My experience with messign up MySQL charset was not 100% functional sorting of strings. You would be better with having everything in UTF-8 to be on the safe side.
I think it depends on what you actually store in that columns. If you store UTF-8 multi-byte characters in a column with latin-1 charset you might run into the sorting troubles. But as longs as there are only EN/US characters you should be ok.
You will run into problems if there's a possibility of storing "international" text -- that is, non-latin characters.
If I understand what you 're posting correctly, this means that the default for new tables in your database is UTF-8, but your existing tables use latin-1. That could be a problem. Depends on your data, as mentioned above.

Unicode Comparing in PHP/MySQL

The name Accîdent seems to be different than AccÎdent when I do a database query to update the column. Yet Accîdent and AccÎdent point to the same place...
In MySQL Accîdent = Accîdent when inserted.
Also, AccÎdent = AccÃŽdent.
Do you know why this is?
By default, MySQL assumes the client uses the latin1 character set. If you're using UTF-8 in your PHP scripts, then this assumption is false. You need to specify to MySQL that you're using UTF-8 by issuing this SQL statement just after the database connection is opened:
SET NAMES utf8
Then the data inserted by the following SQL statements will use the correct character set. This means that you need to re-insert your data or follow the MySQL conversion procedure (see the last paragraphs).
It is recommended that your tables are configured to store data in UTF-8, too, to avoid unnecessary read/write character set conversions. That's not required, though.
More information is available in the MySQL documentation. Specifically, Connection Character Sets and Collations.
First, you seem to be storing UTF-8 data in a table of different encoding. MySQL will try and cope, but the side effect is as you see - data in the database will look "weird". When creating a table, you need to specify the character encoding - preferably UTF-8. For existing tables, you'll need to convert the data.
Second, the tables have a "collation" beside encoding. Encoding determines how the characters map to bytes, collation determines sorting and comparison. There are language-specific collations, but utf8_general_ci should be the one you're looking for (ci stands for "case insensitive") - then your two string would match.

MySQL update error when special characters are used

I was wondering if anyone had come across this one before. I have a customer who uses special characters in their product description field. Updating to a MySQL database works fine if we use their HTML equivalents but it fails if the character itself is used (copied from either character map or Word I would assume).
Has anyone seen this behaviour before? The character in question in this case is ø - and we can't seem to do a replace on it (in ASP at least) as the character comes though to the SQL string as a "?".
Any suggestions much appreciated - thanks!
This suggests a mismatched character set between your database (connection) and actual data.
Most likely, you're using ISO-8859-1 on your site, but MySQL thinks it should be getting UTF-8.
http://dev.mysql.com/doc/refman/5.0/en/charset-connection.html describes what to check and how to change it.
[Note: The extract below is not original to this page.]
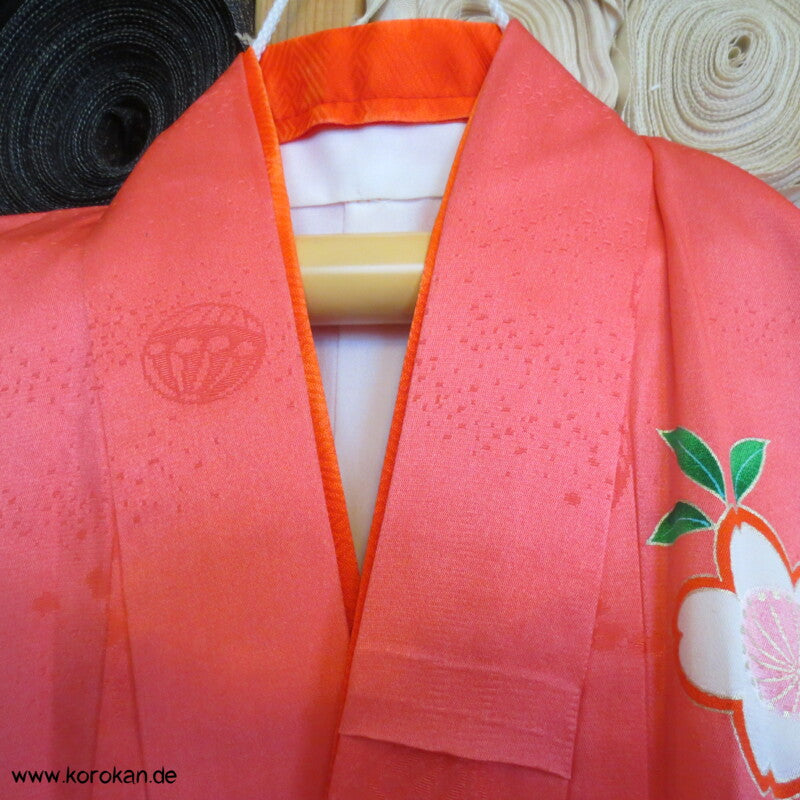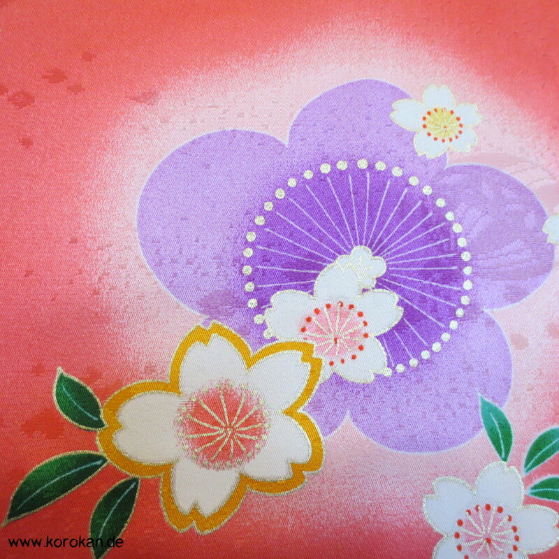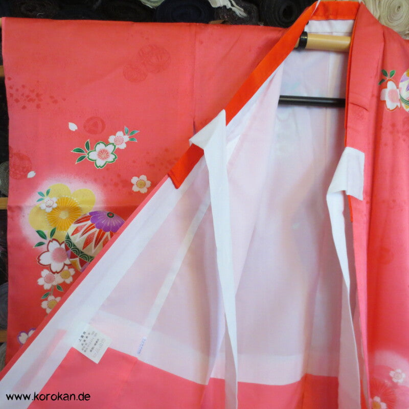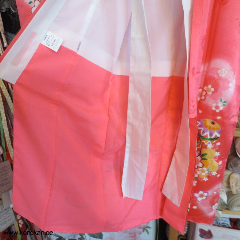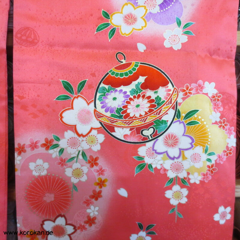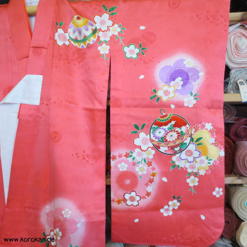 anischer Vintage Furisode Seidendamast für Mädchen, kleine Kinder Kimono bunt mit Temaribällen und Blüten etc...., mit Goldauflage
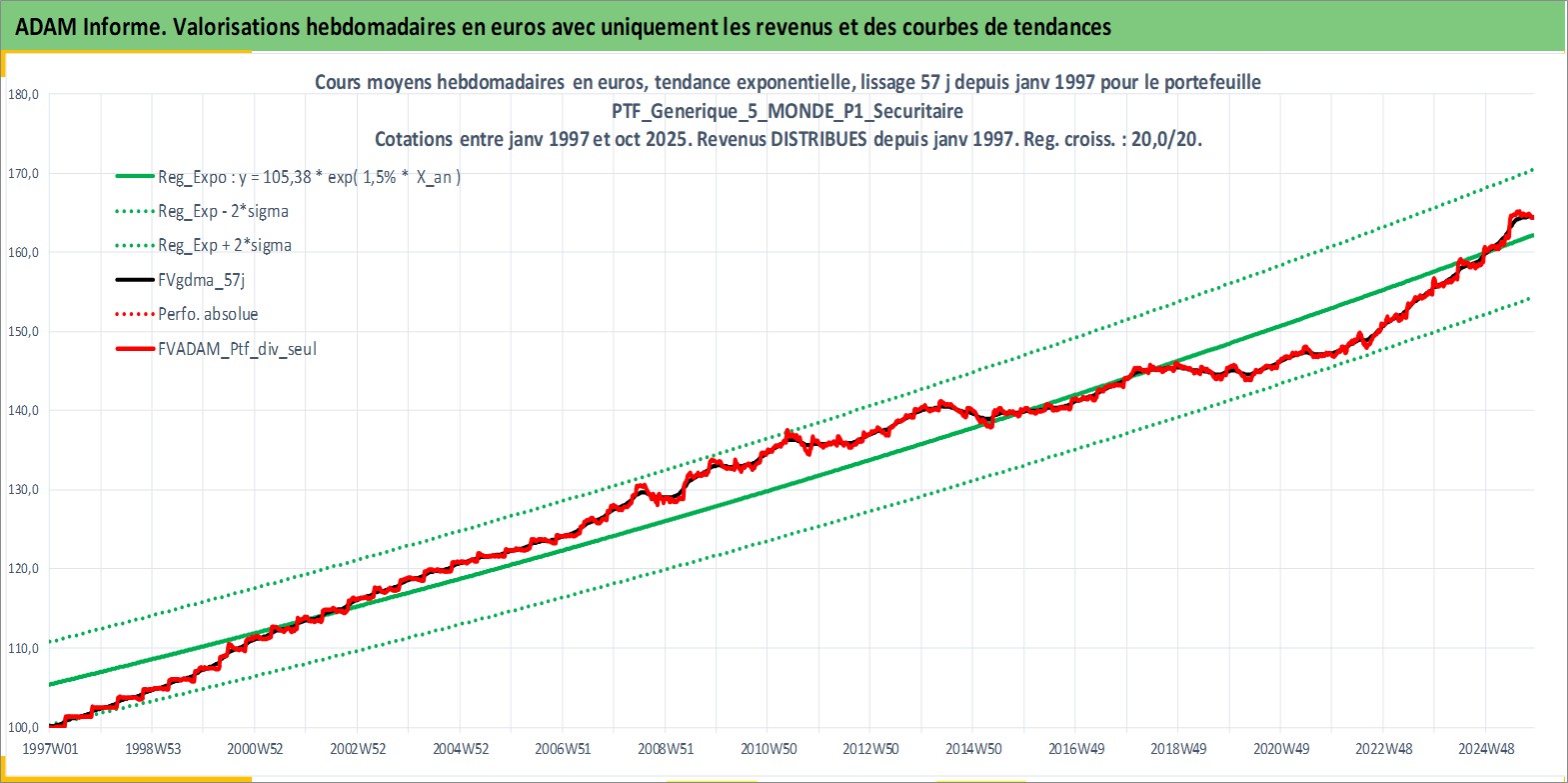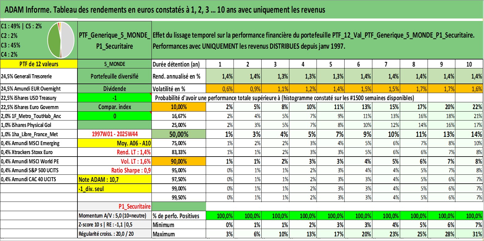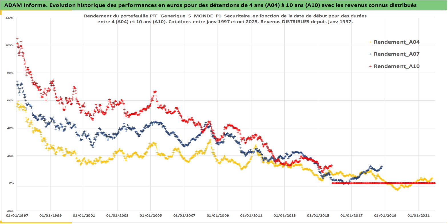 Site dédié aux investisseursPage dédiée sur site financeAnalyse des valorisations hebdomadaires du portefeuille PTF_Generique_5_MONDE_P1_Securitaire_12actifs avec un profil P1_Securitaire. Ce portefeuille est cote en EUR. Les valorisations couvrent les semaines 1997W01 a 2025W44. Les revenus de cet actif financier sont pris en compte depuis la semaine 1997W01. La note ESG de cet actif n'est pas connue.

The simplest way is probably to run the query "SET NAMES latin1" when connecting to the database (assuming that's the character set you need).
Being a fan of Unicode, I'd suggest switching over to UTF-8 entirely, but I realize that this is not always a feasible option.
Edit: #markokocic: Collation only dictates the sorting order. Although this should of course match your character set, it does not affect the range of characters that can be stored in a field.
Have you tried to set collation for the table to utf-8 or something non latin1/ascii.